» Assignment
All that is needed is the line containing "1944-s Mercury Dime 10c Grades Choice+ Unc." and the lines after it to the end of the material, written out exactly, pictures left aside.

» Provided records

--- --- ---

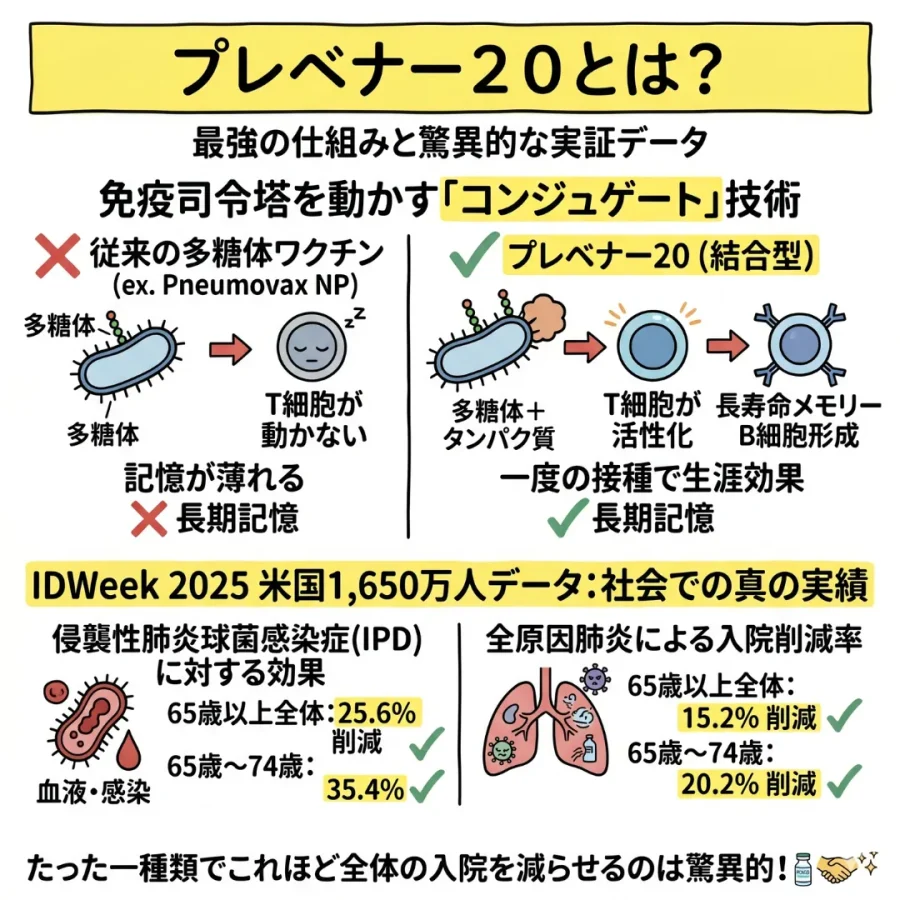 一方で、プレベナー20は、多糖体にタンパク質を結合(コンジュゲート)させています。これにより、免疫系は「これは大変な敵だ!」と強力に認識し、T細胞が活性化されます。その結果、メモリーB細胞という「長期間、敵を覚え続ける細胞」が体内に作られるのです。これが、一度の接種で生涯にわたる効果が期待できると言われている理由です。
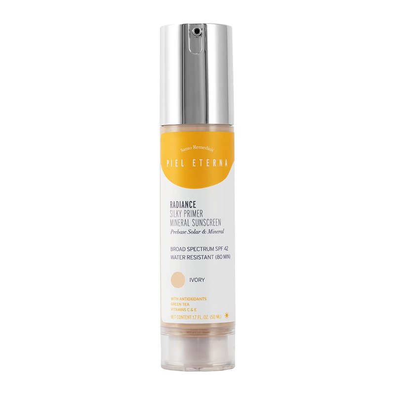 Santo Remedio, Piel Eterna, RADIANCE Silky Primer Mineral Sunscreen with SPF 42 (1.7 Fl Oz), Tinted Broad Spectrum Protection with Antioxidants and Vitamin C, Ivory Tone
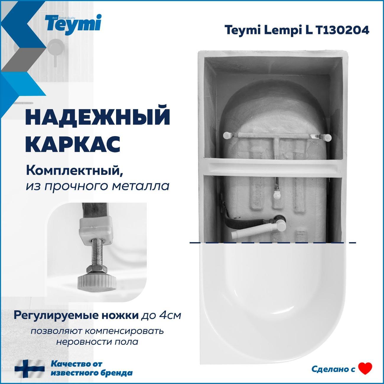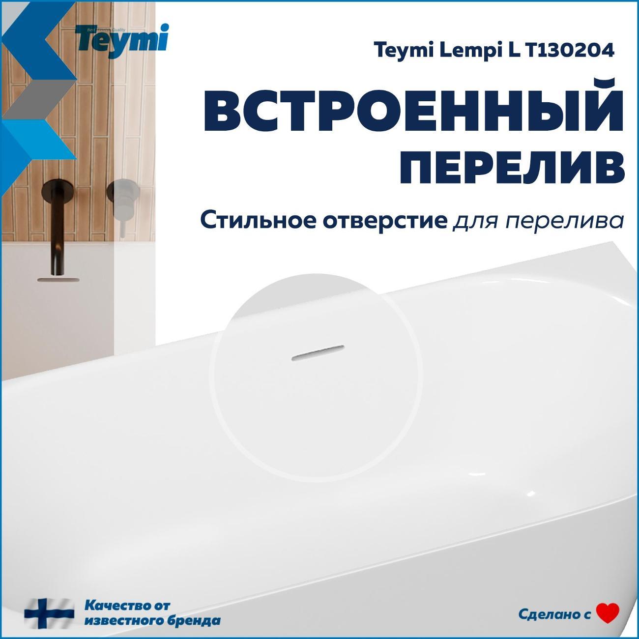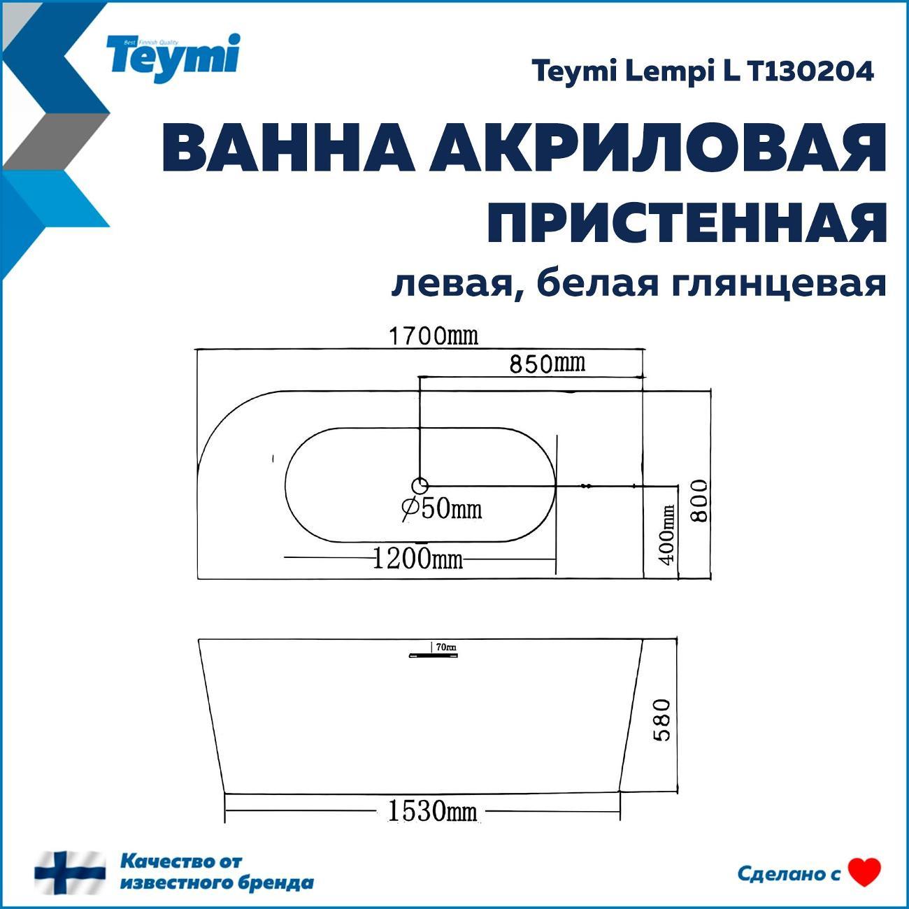 Акриловая ванна Teymi Lempi L 170x80 (левая) T130204 Превратите вашу ванную комнату в пространство скандинавского спокойствия и стиля с ванной Teymi Lempi L. Эта модель от финского бренда — идеальный компромисс между роскошью отдельностоящих ванн и практичностью классических решений. Благодаря продуманной пристенной конструкции она экономит пространство, сохраняя при этом элегантный современный вид. Ключевые преимущества: Надежность и тепло: Ванна изготовлена из качественного акрила толщиной 3,5 мм, усиленного стекловолокном. Такой корпус быстро нагревается, долго сохраняет температуру воды и устойчив к повседневным нагрузкам. Продуманная эргономика: Овальная форма с внутренней длиной по дну 1200 мм и глубиной 420 мм позволяет комфортно разместиться одному человеку. Левосторонняя ориентация и плоский борт обеспечивают идеальное примыкание к стене и углу. Готовность к установке: В комплект уже включен надежный металлический каркас и стильная сливная арматура. Система слива-перелива оснащена механизмом «клик-клак» с белой крышкой в тон ванне, а перелив выполнен в виде эстетичной узкой щели по центру. Технические характеристики: Габариты (ДхШхВ): 1700 х 800 х 580 мм Тип установки: Пристенная (левая) Материал: Акрил (усиленный стекловолокном) Объем: 210 литров Слив: Клик-клак (диаметр 50 мм), щелевой перелив Гарантия: 5 лет Teymi Lempi L — это выбор тех, кто ценит долговечность, современный минимализм и безупречное качество исполнения. Создайте интерьер мечты с надежной сантехникой, рассчитанной на долгие годы службы.
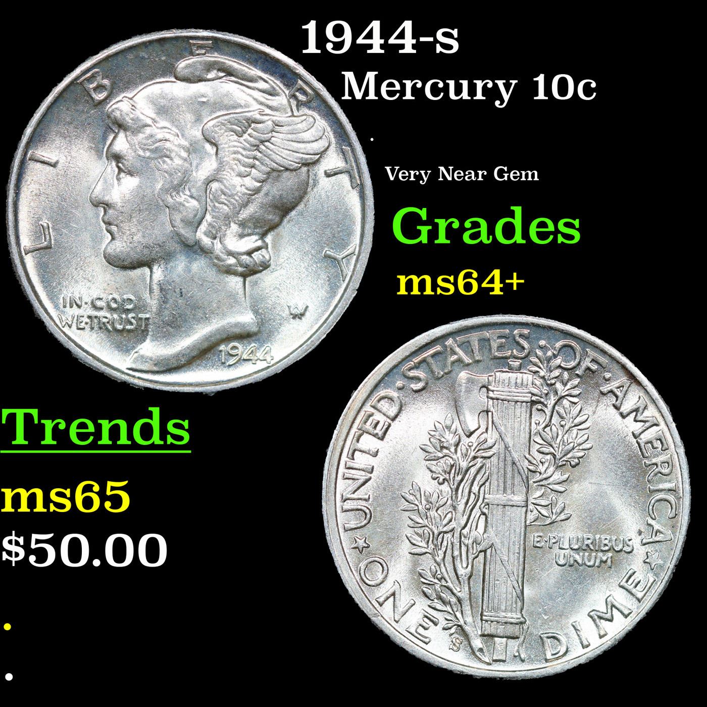 1944-s Mercury Dime 10c Grades Choice+ Unc.
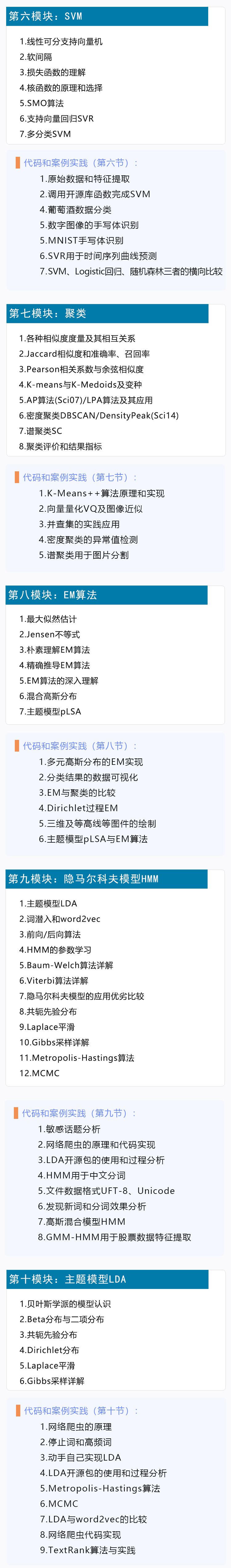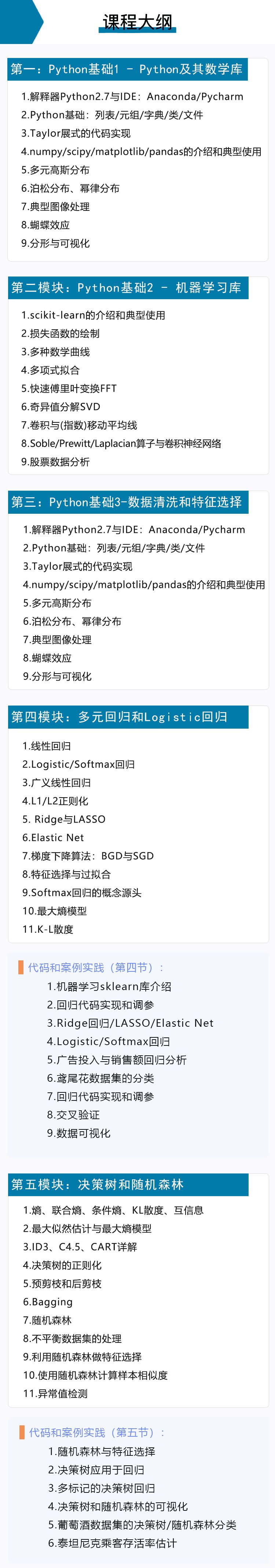 课程强调动手操作;内容以代码落地为主,以理论讲解为根,以公式推导为辅。共16天16个模块32个学时,每学时各1~1.5小时,136个知识点,82个代码和案例实践,讲解机器学习和深度学习的模型理论和代码实践,梳理机器学习、深度学习、计算机视觉的技术框架,从根本上解决如何使用模型、优化模型的问题;每次课中,首先阐述算法理论和少量公式推导,然后使用真实数据做数据挖掘、机器学习、深度学习的数据分析、特征选择、调参和结果比较。

--- --- ---

» Response box
 1944-s Mercury Dime 10c Grades Choice+ Unc.
 课程强调动手操作;内容以代码落地为主,以理论讲解为根,以公式推导为辅。共16天16个模块32个学时,每学时各1~1.5小时,136个知识点,82个代码和案例实践,讲解机器学习和深度学习的模型理论和代码实践,梳理机器学习、深度学习、计算机视觉的技术框架,从根本上解决如何使用模型、优化模型的问题;每次课中,首先阐述算法理论和少量公式推导,然后使用真实数据做数据挖掘、机器学习、深度学习的数据分析、特征选择、调参和结果比较。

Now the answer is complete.